De lo que no se ha dado cuenta es de que Cedric se ha apartado con disimulo de la odiosa peste de su capa de lobo.
—Cedric, ¿dónde está mi hijo? —pregunto.
Sonríe.
—Ya se lo puede imaginar, señor.
El ruido de unas espadas de neoplast chocando entre sí y el de varias botas sobre la piedra nos dan la bienvenida cuando entramos en la gruta de los duelos. Allí, las enredaderas trepan sobre fuentes de granito y por el húmedo suelo de piedra. Las agujas de los árboles perennes caen en forma de cúmulos desde lo alto de las copas. Y en el centro de la gruta, bajo los ojos atentos de las gárgolas que adornan las fuentes, un niño y una niña dan vueltas el uno alrededor del otro en el centro de un círculo de tiza. Los otros siete niños de su grupo los observan, acompañados por dos mujeres doradas. Sevro tira de mí hacia un lado para que sigan sin vernos, y ambos nos sentamos en el borde de una fuente de granito a mirarlos.
El niño que hay en el centro del círculo tiene diez años, es esbelto y orgulloso. Se ríe como su madre y rumia las cosas como su padre. Tiene el pelo del color de la paja, la cara redonda y sonrojada de juventud. Sus ojos, de un dorado rosáceo, arden bajo unas pestañas larguísimas. Es más alto de lo que lo recuerdo, mayor, y me parece imposible que pueda haber salido de mí. Que pueda tener pensamientos propios. Que vaya a amar, sonreír y morir como todos nosotros.
Tiene el ceño fruncido a causa de la concentración. El sudor le chorrea por la cara y le apelmaza el pelo. Su oponente le lanza una estocada oblicua a la rodilla.

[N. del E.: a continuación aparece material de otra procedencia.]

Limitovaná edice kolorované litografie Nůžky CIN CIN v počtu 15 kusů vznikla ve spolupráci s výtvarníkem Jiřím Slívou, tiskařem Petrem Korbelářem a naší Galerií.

La niña tiene nueve años y un rostro afilado como el de un elegante perro de presa. Electra, la mayor de las tres hijas de Sevro, es más alta que mi hijo y el doble de delgada. Pero mientras que Pax irradia una alegría interna que hace que a los adultos les brillen los ojos, la niña posee una profunda tristeza inherente. Tiene los ojos de un dorado oscuro, ocultos tras unos párpados pesados. A veces, cuando me mira, siento que me juzga con una actitud distante que me recuerda a su madre.
Sevro se inclina hacia delante, impaciente.

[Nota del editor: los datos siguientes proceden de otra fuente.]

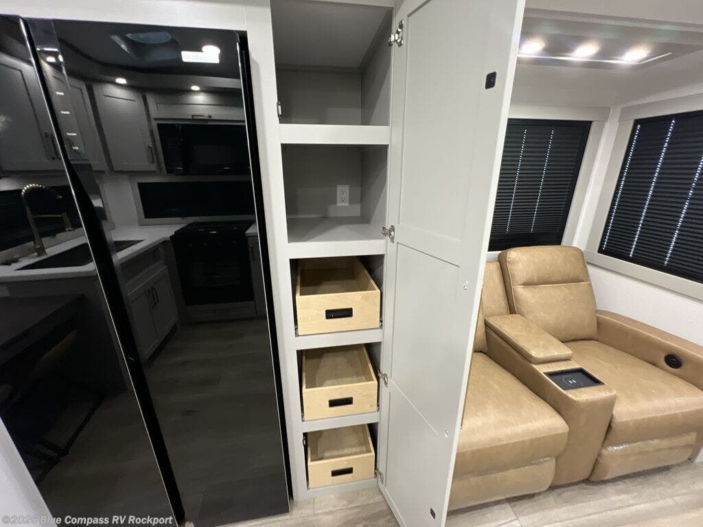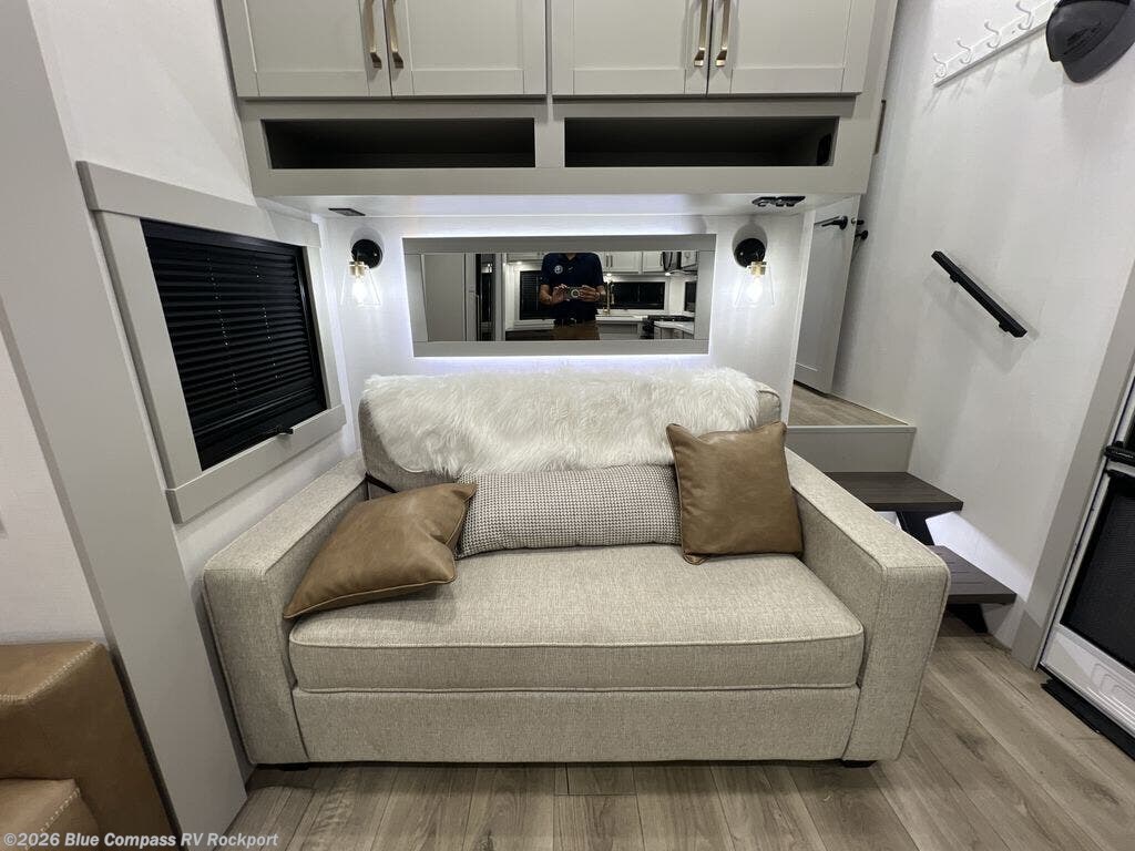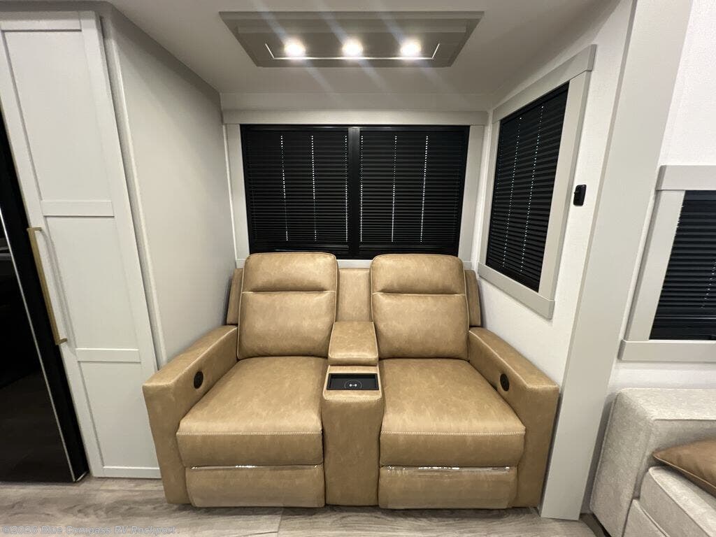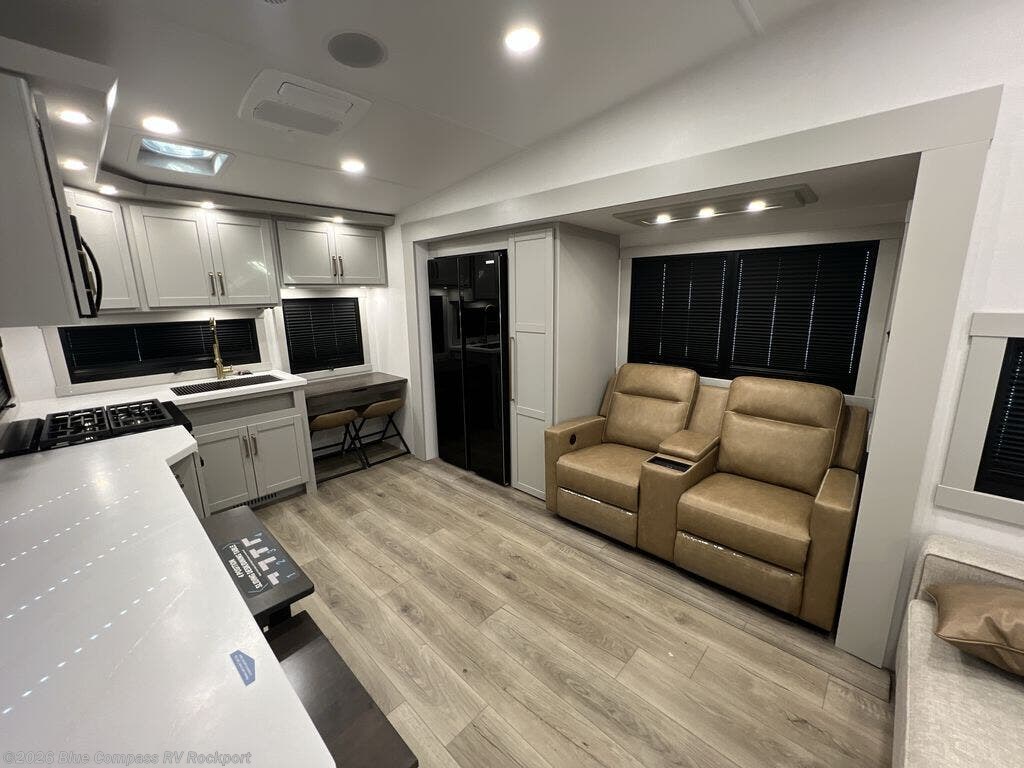 You'll love every minute spent in this spacious fifth wheel that can sleep four each night. There is a front private bedroom with a queen bed and 4x under-bed drawers to keep your space tidy. Your guests can sleep on the tri-fold sofa that extends to a 54" x 70" bed at night. The theater seating sits directly across from the 50" articulating TV for movie nights, and the pantry with drawers is right next to the theater seating for quick access to snacks! The chef of your group is sure to love the kitchen with its ample counter space, 30" residential microwave, and a sliding dining table with a drawer for even more storage. The desk in the back will allow you to get some work done if needed, or you can just spend your days outdoors under the two power awnings. There is also an exterior 12V refrigerator and storage, exterior speakers and controls, and a pass-thru storage for camp gear!
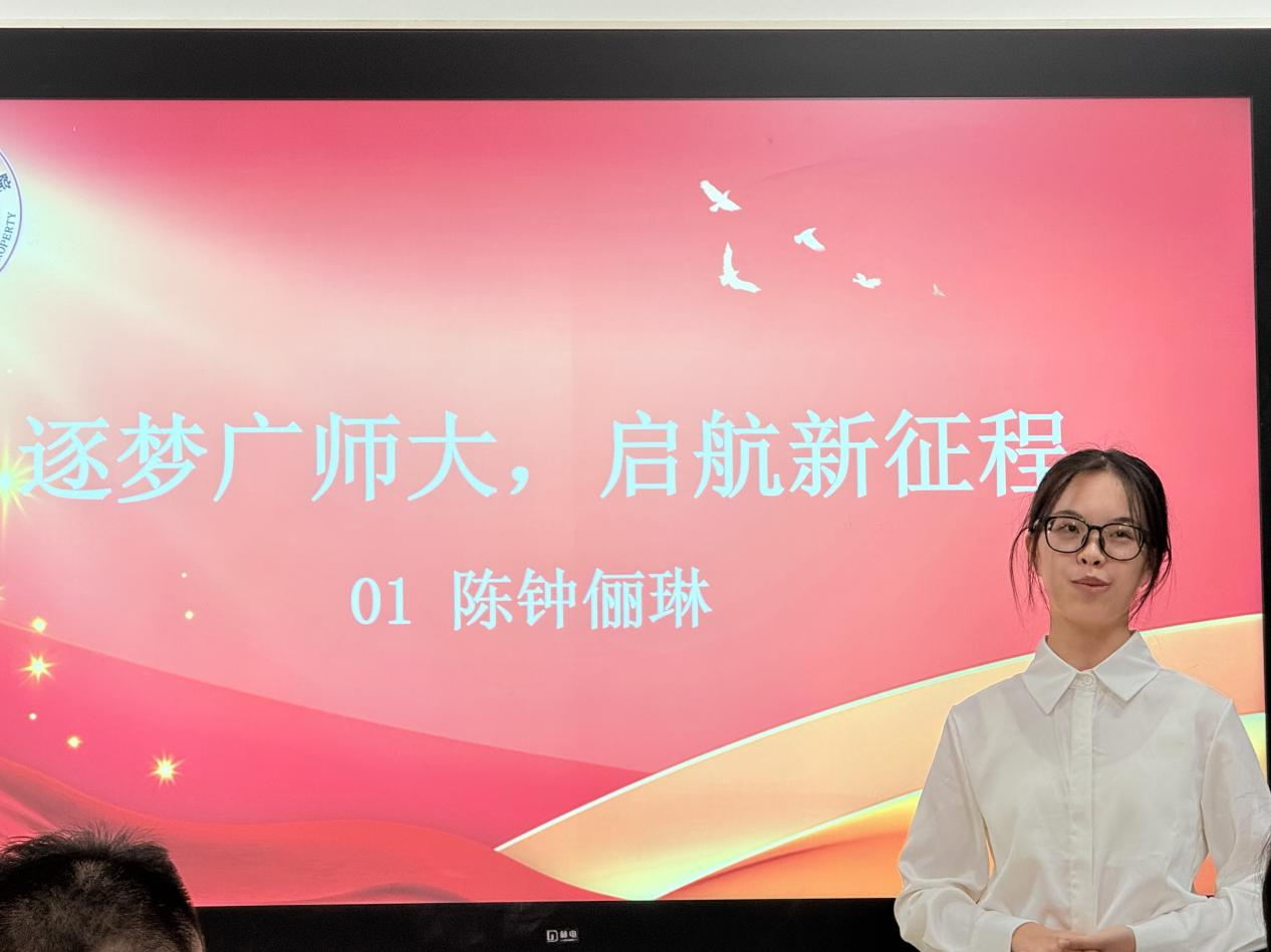 我院将始终以立德树人为育人出发点,加强校史校情教育,让学生在有历史、有特色、有速度、有理想的广师大坚定理想信念,努力成为“做人好、身体好、就业好”的“三好”学生,共同书写法知学子与广师大共成长的逐梦故事。
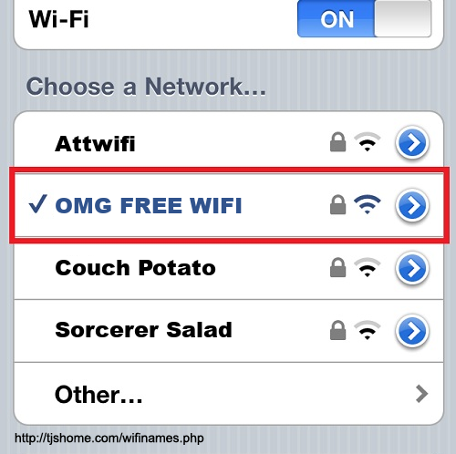 Funny WiFi Name #7214 [OMG FREE WIFI ]
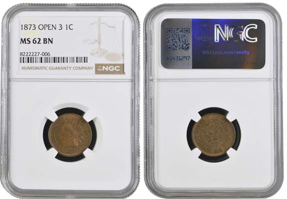 USA, Indian Head bronze Cent, 1873, open 3 variety, Philadelphia, 3.00g (KM 90a). In NGC holder graded MS 62 BN (8222227-006).

—Me apuesto el filo de Aja contra el yelmo de Apolonio a que mi monstruita le pega una paliza a tu chico.
—No voy a hacer apuestas con nuestros hijos —susurro indignado.
—Me juego también el anillo del Instituto de Aja.
—Ten un poco de decencia, Sevro. Son nuestros hijos.
—Y la capa de Octavia.
—Quiero el árbol de marfil de los Falce.
Sevro ahoga un grito.
—Me encanta el árbol de marfil. ¿Dónde iba a colgar si no mis trofeos?
Me encojo de hombros.
—Si no hay árbol de marfil, no hay apuesta.
—Maldito salvaje —dice al mismo tiempo que me tiende la mano para que se la estreche—. Trato hecho.
Sevro se ha convertido en todo un coleccionista y ha adquirido montones de trofeos de emperadores, caballeros y aspirantes a reyes dorados. Cuelga sus anillos, armas y blasones de las ramas del árbol de marfil que arrancó del complejo de la Casa de Falce en la Tierra y que trasladó a su casa en la Luna.
Los contemplamos mientras Electra redobla su ofensiva contra Pax. Mi hijo continúa retrocediendo, esquivando, dejando que la niña continúe estirándose para atacar. Una vez que Electra lo hace, Pax gira su filo de plástico hacia la caja torácica de la muchacha. La roza.
—¡Punto! —grita él.
—La que lleva la cuenta soy yo, Pax, no tú —dice Níobe au Telemanus. La esposa de Kavax es una mujer serena, con una indomable maraña de pelo grisáceo que parece un nido de pájaro y la piel del color de la madera de cerezo. Los tatuajes tribales de sus antepasados de la Isla Pacífica le cubren los brazos—. Tres a dos a favor de Pax.
—Cuida tu equilibrio y deja de estirarte tanto, Electra —dice Thraxa—. Te caerás si estás en una superficie inestable, como la cubierta de una nave o hielo.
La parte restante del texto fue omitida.